● **Task brief**: Reproduction of part of the material below, pictures omitted: copy exactly, and only, the lines starting with the one with "Kein Schornstein erforderlich: Da" and going on through the one with "- Season Inhibitor".

● **Dataset records**:

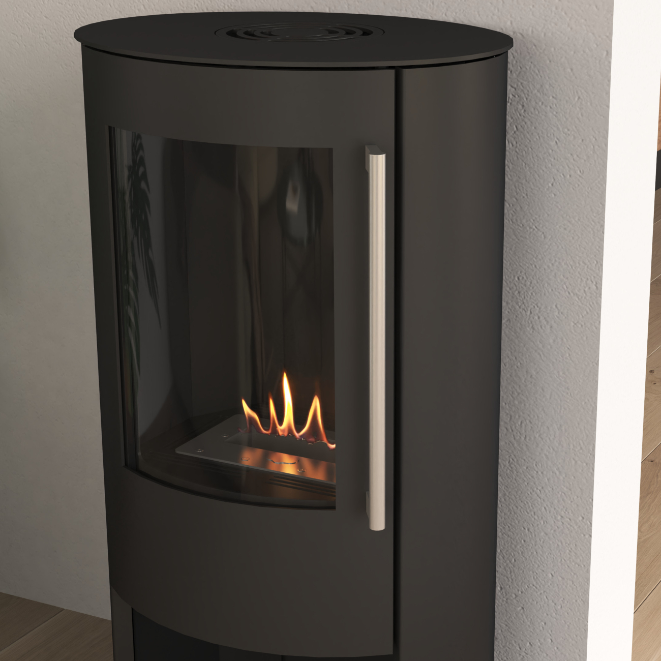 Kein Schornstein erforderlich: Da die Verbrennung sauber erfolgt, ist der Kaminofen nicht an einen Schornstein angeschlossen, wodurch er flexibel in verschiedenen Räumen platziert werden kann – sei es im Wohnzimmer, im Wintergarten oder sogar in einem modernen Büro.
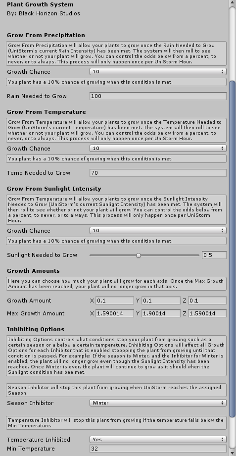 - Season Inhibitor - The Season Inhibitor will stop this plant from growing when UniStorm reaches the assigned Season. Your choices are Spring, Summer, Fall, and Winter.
---
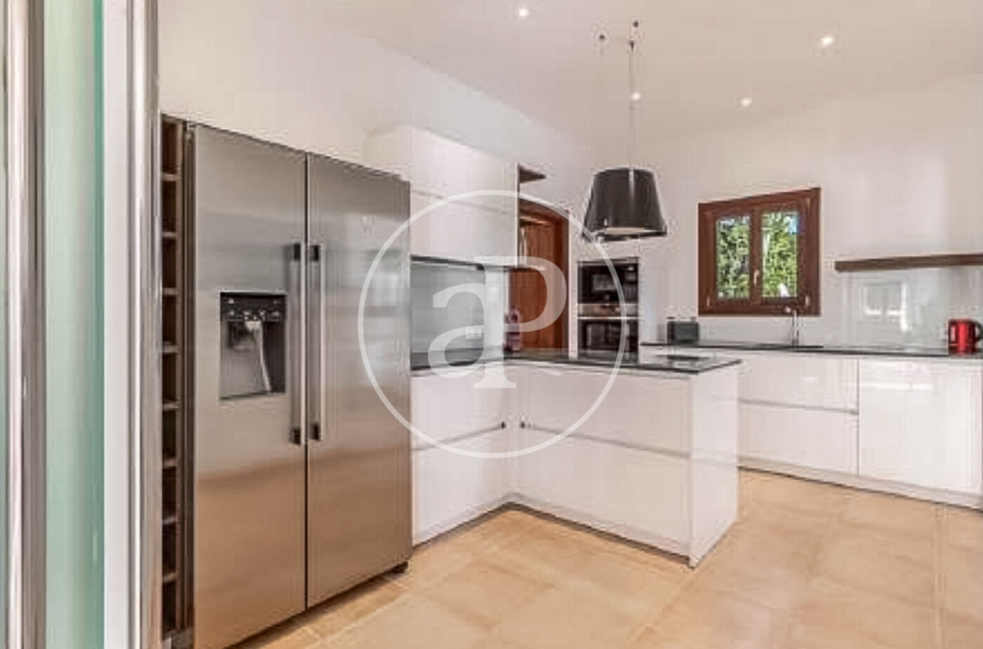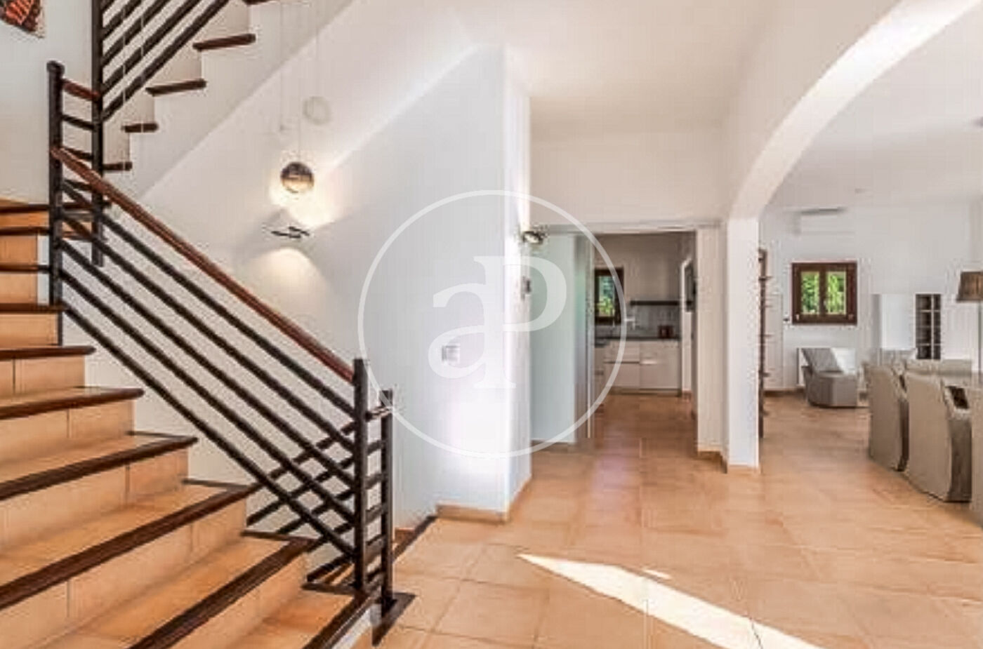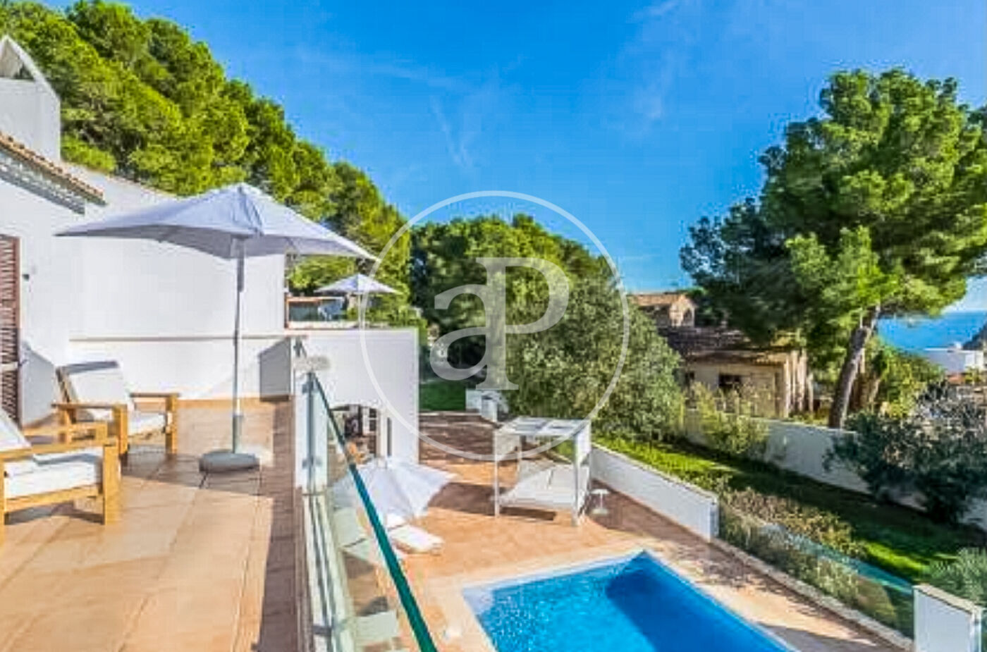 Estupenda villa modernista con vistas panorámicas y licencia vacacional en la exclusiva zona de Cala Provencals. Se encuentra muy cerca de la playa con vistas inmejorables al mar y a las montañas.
---
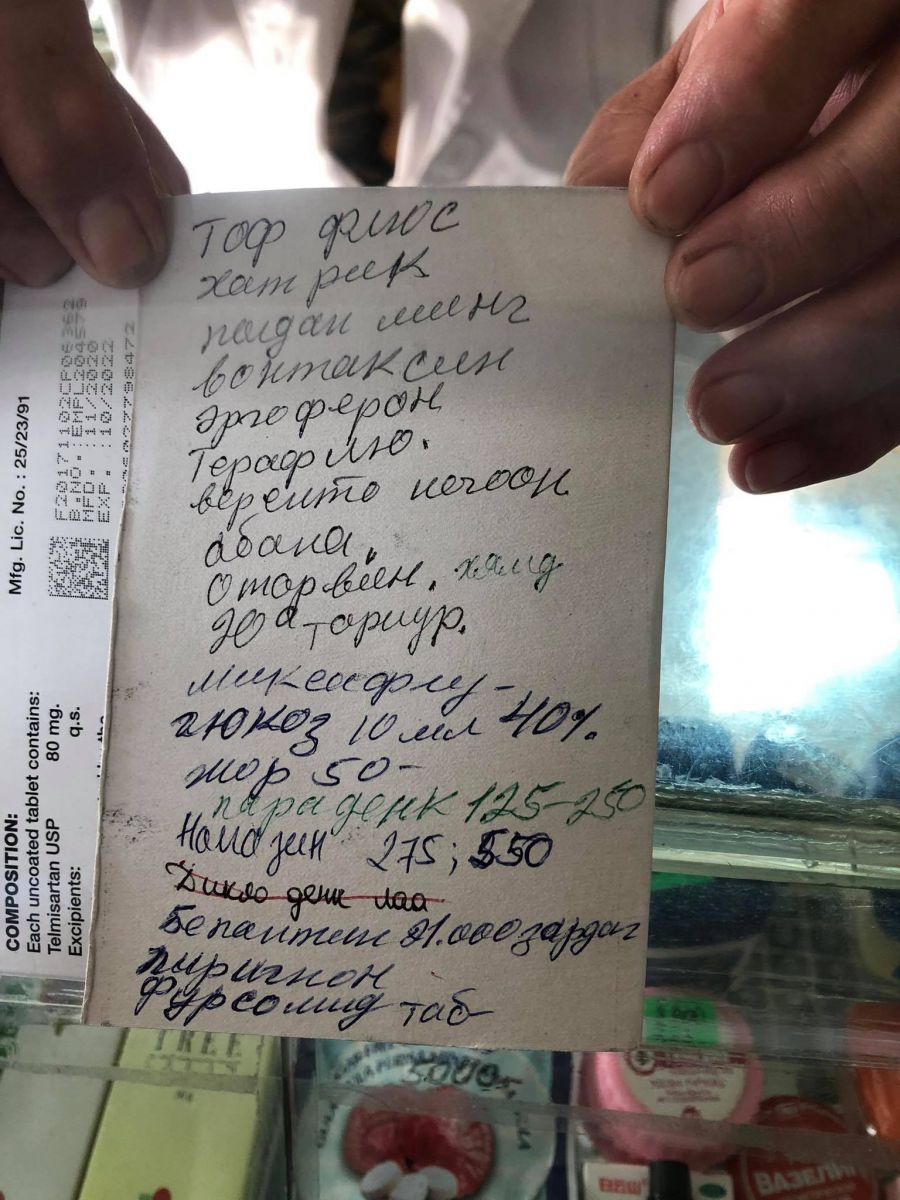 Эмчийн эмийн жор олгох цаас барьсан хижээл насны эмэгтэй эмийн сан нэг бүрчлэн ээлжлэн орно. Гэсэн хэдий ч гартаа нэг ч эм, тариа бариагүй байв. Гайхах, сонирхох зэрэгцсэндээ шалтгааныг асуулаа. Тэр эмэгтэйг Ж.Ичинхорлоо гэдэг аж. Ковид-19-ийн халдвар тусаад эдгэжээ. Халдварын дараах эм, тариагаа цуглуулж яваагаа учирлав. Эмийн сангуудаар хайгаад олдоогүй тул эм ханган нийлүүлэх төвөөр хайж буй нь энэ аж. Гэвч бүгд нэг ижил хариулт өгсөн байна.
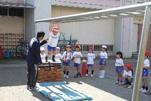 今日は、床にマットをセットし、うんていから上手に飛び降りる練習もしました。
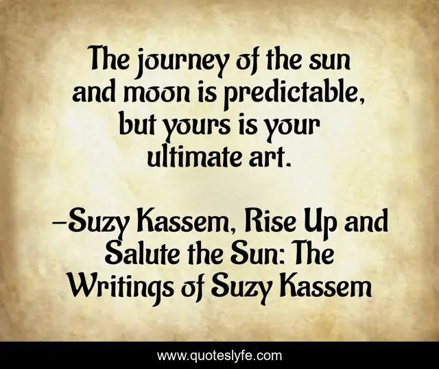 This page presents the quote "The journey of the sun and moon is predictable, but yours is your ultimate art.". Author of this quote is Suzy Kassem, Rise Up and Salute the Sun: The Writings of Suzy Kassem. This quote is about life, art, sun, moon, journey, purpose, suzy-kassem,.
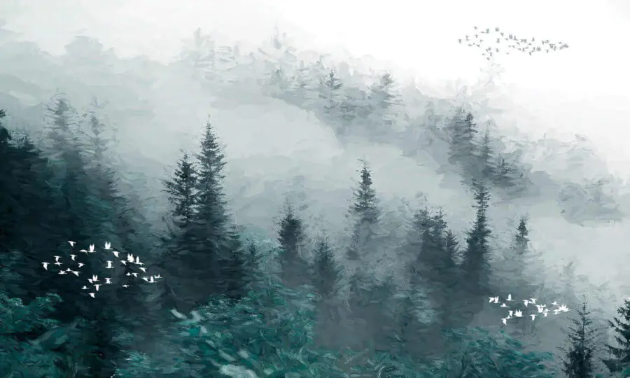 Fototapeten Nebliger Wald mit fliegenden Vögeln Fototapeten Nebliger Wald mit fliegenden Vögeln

● **Result of the exercise**:
 Kein Schornstein erforderlich: Da die Verbrennung sauber erfolgt, ist der Kaminofen nicht an einen Schornstein angeschlossen, wodurch er flexibel in verschiedenen Räumen platziert werden kann – sei es im Wohnzimmer, im Wintergarten oder sogar in einem modernen Büro.
 - Season Inhibitor - The Season Inhibitor will stop this plant from growing when UniStorm reaches the assigned Season. Your choices are Spring, Summer, Fall, and Winter.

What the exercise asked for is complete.